Hi Alex, Mike & All,
Just happened to pass by and saw this and thought I owe you all a sensible reply. Here is a reply anyway, I guess it's up to you as to whether it is sensible.
Yes I have been away for a while. No, it isn't your fault or the fault of the forum here in any way -- or any individual.
I haven't been well -- nothing super-serious or life-threatening. I've had pretty severe depression now for the last several months. This is the way it most obviously affects me (to the appearance of the outside world) -- for everyone's depression is different.

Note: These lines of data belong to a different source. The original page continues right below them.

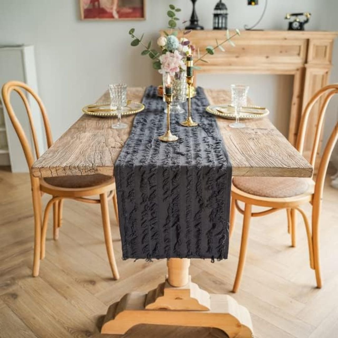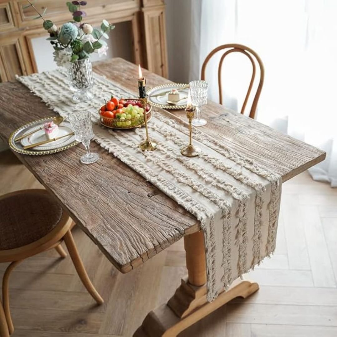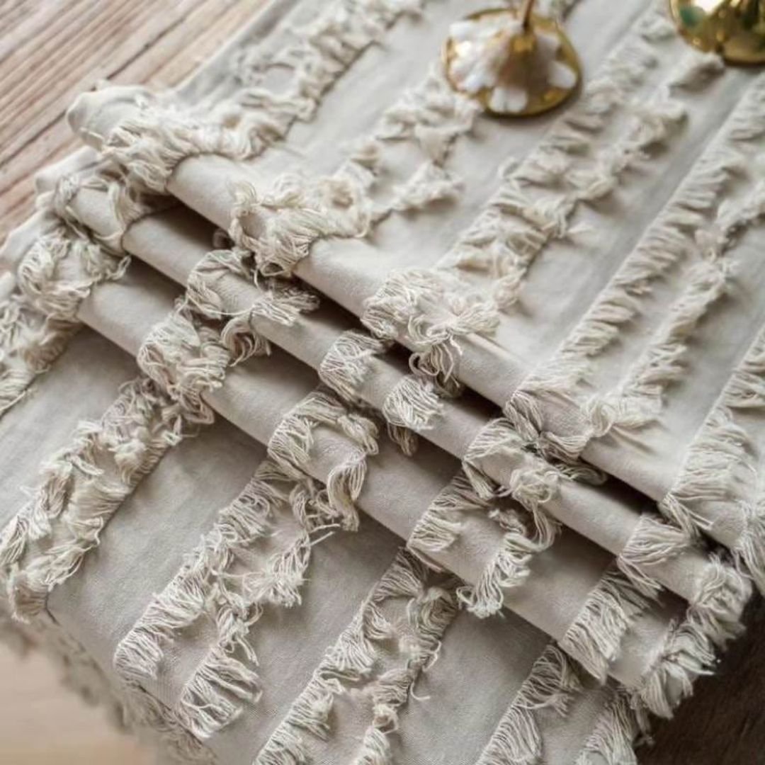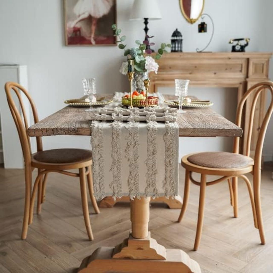 The stunning design of this table runner is achieved by unique carved pile fabrics. Our Fringed Striped Farmhouse Style Table Runner features a charming rustic design with macrame embroidery, which adds a touch of elegance and chic charm to any dining setting.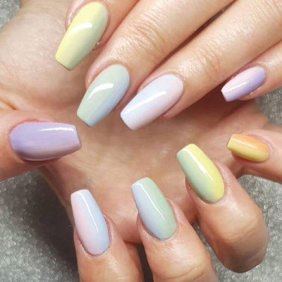 Στο μανικιούρ της φωτογραφίας βλέπουμε νύχια με επέκταση χρησιμοποιώντας CND Retention+ ακρυλικά προϊόντα, και αγαπημένες καλοκαιρινές αποχρώσεις που δίνουν ένα φωτεινό αποτέλεσμα.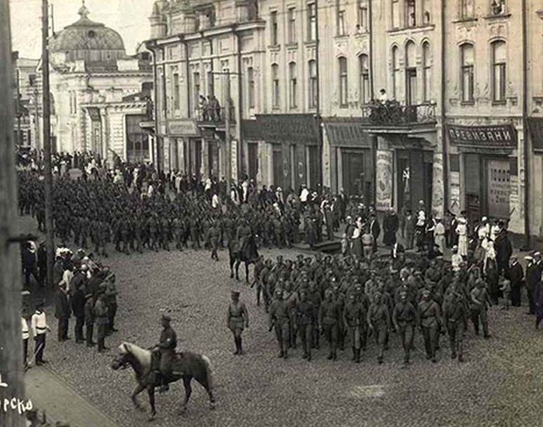 После артобстрела красногвардейцы пошли на штурм города.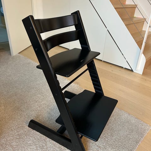 Stokke højstol i sort træ. Højstolen er designet til børn og har justerbar sæde- og fodplade for ergonomisk støtte. Materialet er træ, og stolen har en robust konstruktion med en sort finish.

For me it's like trying to swim through treacle. Finding the motivation to do most things has been somewhere between difficult and extremely difficult. The most difficult thing for me to do in this state is interact with other people. Another thing is sleeping. It's not that I don't like you or feel nervous about speaking/writing/being around others etc -- I don't. I'm generally not a nervous type. It's that I just don't care. I just can't find the effort of will to be with other people -- even on-line. I have answered very little email for several months unless it is pressing. I even switched my mobile off for almost 3 months because I couldn't be bothered with it. Depression for me is debilitating, but I am no longer afraid of it. I don't enjoy it by any stretch of imagination, but it no longer of itself scares me.
As Alex will probably confirm, he an I have been sharing a class for the last few months at Swinburne Uni. As I was doing that course, I had to give it almost every resource I had at my (limited) disposal (and appear light and happy into the bargain) which left little or no emotional resources or "get-go" for anything else. Luckily we're almost through this unit, though the test we did the weekend before last was a doosy (as I'm sure Alex will attest) -- well at least 4-5 of the questions were doosies.
This isn't the first time for me, it is the third in the last twelve years. With this episode that started back in about December and became quite deep by February-March, I have been attempting a recovery without an anti-depressant. There are good reasons why I tried to do it that way, but I won't go into them here and now -- you'll just have to take it on trust. However, now six months down the track, I have decided it is taking too long so I am going to try a new (well for me) one and see how it goes. SSRI's and SNRI's usually work with me after about 6-8 weeks so I hope to feel a bit better then. I am feeling a bit better than a couple of weeks ago right now -- that's why I can write this. Four weeks ago, I couldn't be bothered so that's an improvement.
The funny thing for me I've noticed this time 'round is that it appears to have affected the left side of my brain more than the right -- well that's the way it feels for me anyway. I sometimes find it horrendously difficult to accomplish simple mechanical tasks, or solving a problem with logic or analysis. Normally it would take me about a minute to collimate my newtonian provided it wasn't too far out. The last time I observed, I blundered around for about 7-8 minutes before, in the end, I had to ask someone for help because I couldn't make sense of which knob had to be turned in what direction to collimate. It sounds wierd I know, but this is what it does to me. On the other hand, those things that require a degree of creativity or "flair", like for example coming up with a plan on how to introduce a topic for an article and then stitch it together in a way that I think might be entertaining for the reader seems much less hard than the mechanics of typing coherent sentences without editing it ten times before I'm nearly (but never completely) content. The hardest thing of all is getting yourself to the point of actually starting a task -- any task. Procrastination has become a high-art form.
For those that posted, thanks for taking the time to be concerned. I really appreciate it -- but I find it difficult most of the time to find the motivation to express it. No need to worry overly about me. I hate this thing, but it no longer scares me of itself and I think that is half the battle. Thanks all for your best wishes. It's good to know I was missed.